Date of Award

Summer 2002

Document Type


Degree Name

Doctor of Philosophy (PhD)


Biomedical Sciences

Committee Director

Russell L. Prewitt

Committee Member

Gerald Pepe

Committee Member

Paul H. Ratz

Committee Member

Patricia Williams


Elevated blood pressure is associated with varying degrees of arterial remodeling. The mechanisms by which extracellular mechanical stress is converted into intracellular alterations in signal transduction and gene expression have yet to be fully elucidated. Our goal was to investigate the early events in the vascular smooth muscle response to acute hypertension and to identify mediators involved in long-term hypertensive remodeling.

In the acute phase of hypertension we targeted cell surface integrin and growth factor receptors thought to be mechanically sensitive. The signaling molecules FAK, Src and ERK-MAPK are known to be triggered by integrin engagement and growth factor receptor tyrosine kinase (RTK) activation. Pairs of rat mesenteric arteries were pressurized to 90 mmHg (control), and then one was raised to 140 mmHg for 1, 3, 5 or 10 minutes. Western blotting using phosphorylation-specific antibodies revealed that Src-pY418 (autophosphorylation site) was elevated 3-fold over control values at 1 minute, whereas significant FAK-Y 397(autophosphorylation site) activation was observed only following 3 minutes of pressure stimulus, and was blocked entirely by PP1, a selective Src inhibitor. Src-pY215 activity, which is associated with prior activation of the PDGF receptor, was not apparent at any of the time points tested. In addition, peak ERK-MAPK activation was identified at 5 minutes and was not affected by the presence of AG 1296, a PDGF receptor inhibitor. These data demonstrate that autophosphorylation of Src-Y418 is an early event in pressure mechanotransduction and is required for downstream FAK-Y397 activation, and PDGF receptor activation does not appear to be involved in the initial response.
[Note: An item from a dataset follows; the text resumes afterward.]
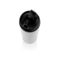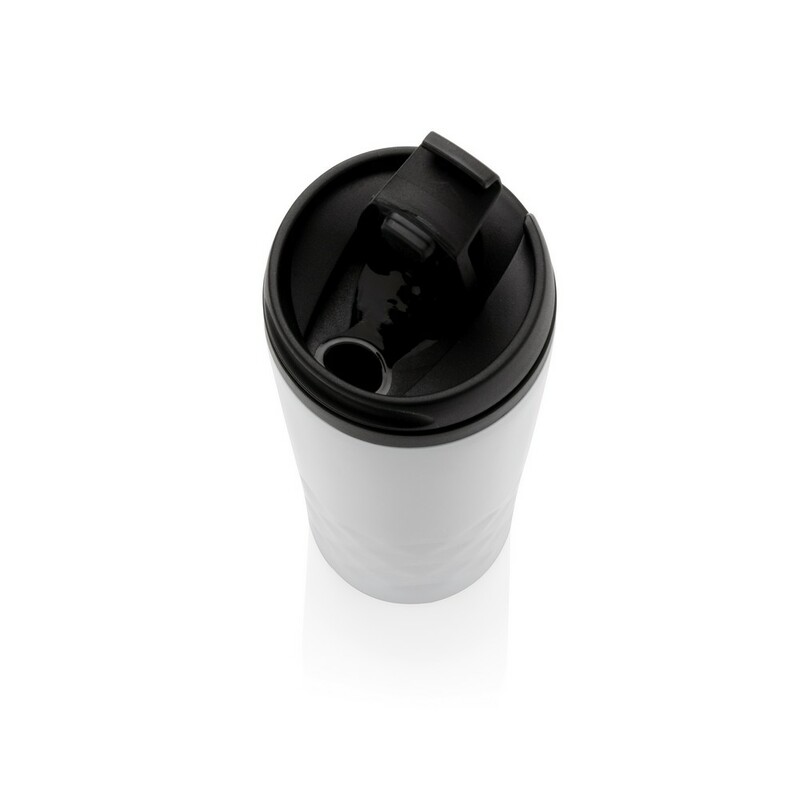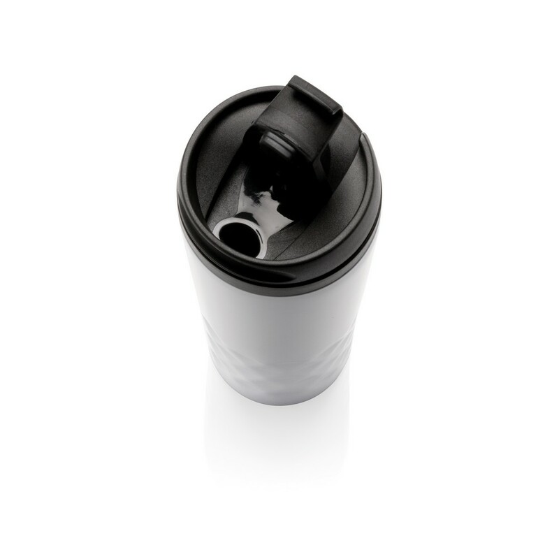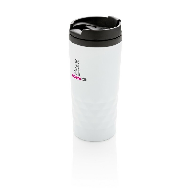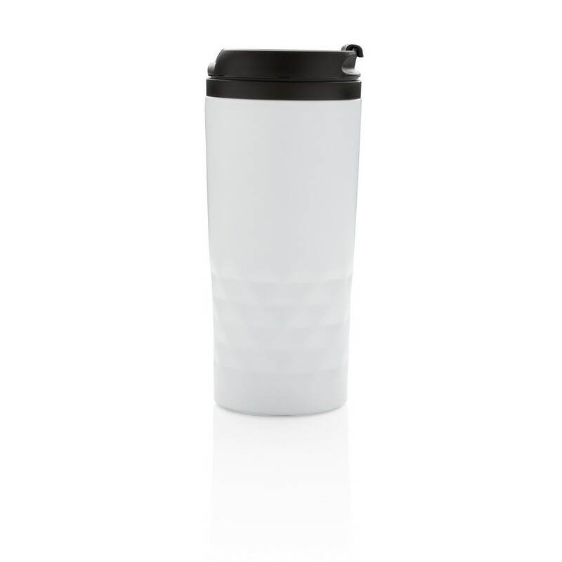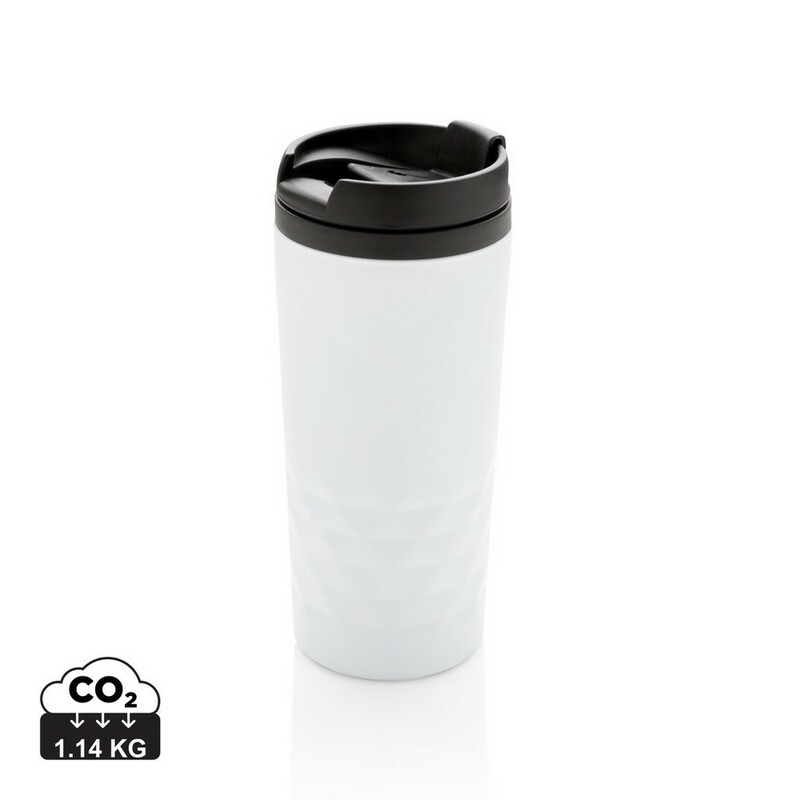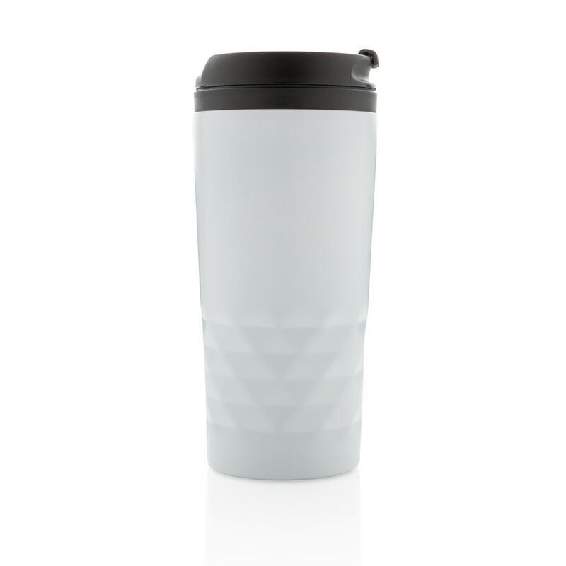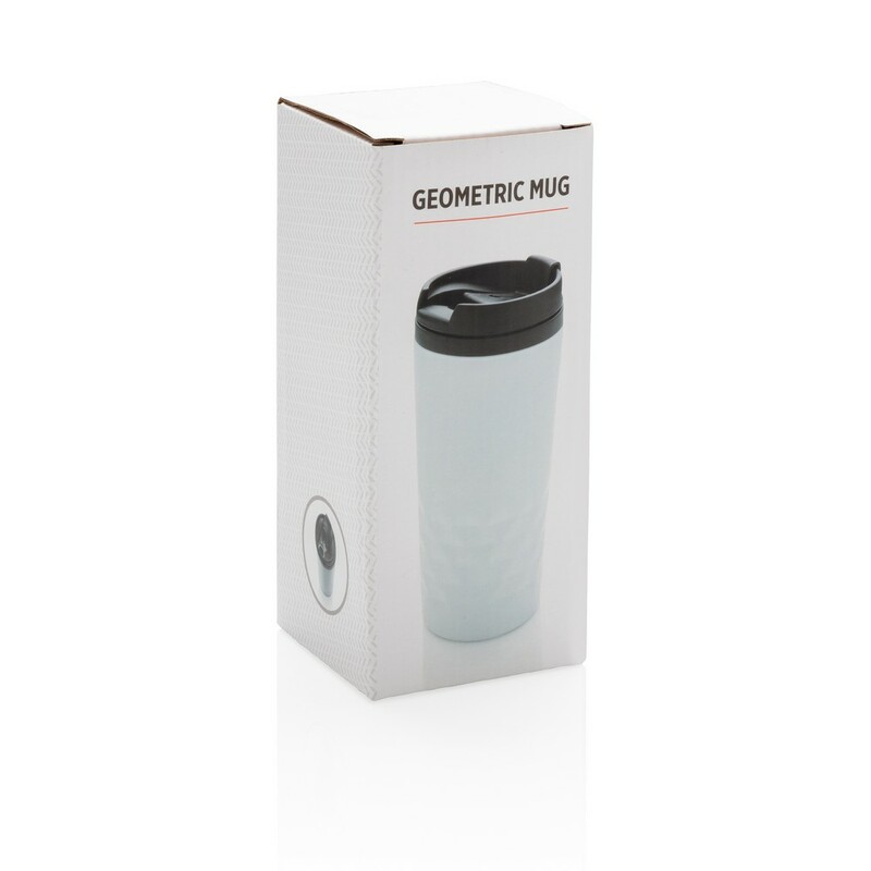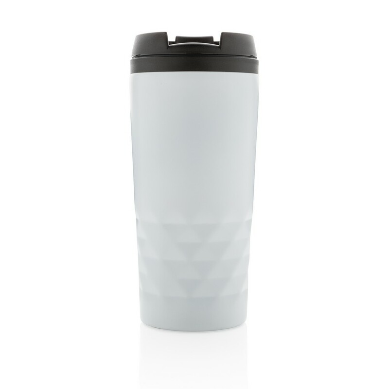 Geometryczny kubek termiczny 300 ml, plastikowe wnętrze, stal nierdzewna na zewnątrz, wyłącznie mycie ręczne, utrzymuje temperaturę napojów gorących do 4 godzin

With regard to chronic arterial remodeling, previous studies in our laboratory showed that PDGF-A mRNA expression is increased in 1K1C hypertensive rats. We evaluated the ability of PDGF-AA to stimulate growth of carotid vascular smooth muscle in normotensive rats. Results identified an outward hypertrophic growth response in a manner similar to that seen in hypertensive remodeling. Next we evaluated the effect of PDGF receptor inhibition on vascular hypertrophy and ECM modification in 1K1C hypertensive rats treated with CGP-53716, a PDGF receptor inhibitor. Our results indicated that PDGF receptor inhibition does not block the hypertensive hypertrophic response, although we found significant changes in extracellular matrix composition. Overall, it appears that PDGF is not an absolute requirement for hypertrophic remodeling in 1K1C hypertension, but may play a pivotal role in ECM modification.


A Dissertation Submitted to the Faculty of Old Dominion University and Eastern Virginia Medical School in Partial Fulfillment of the Requirements for the Degree of Philosophy in Biomedical Sciences.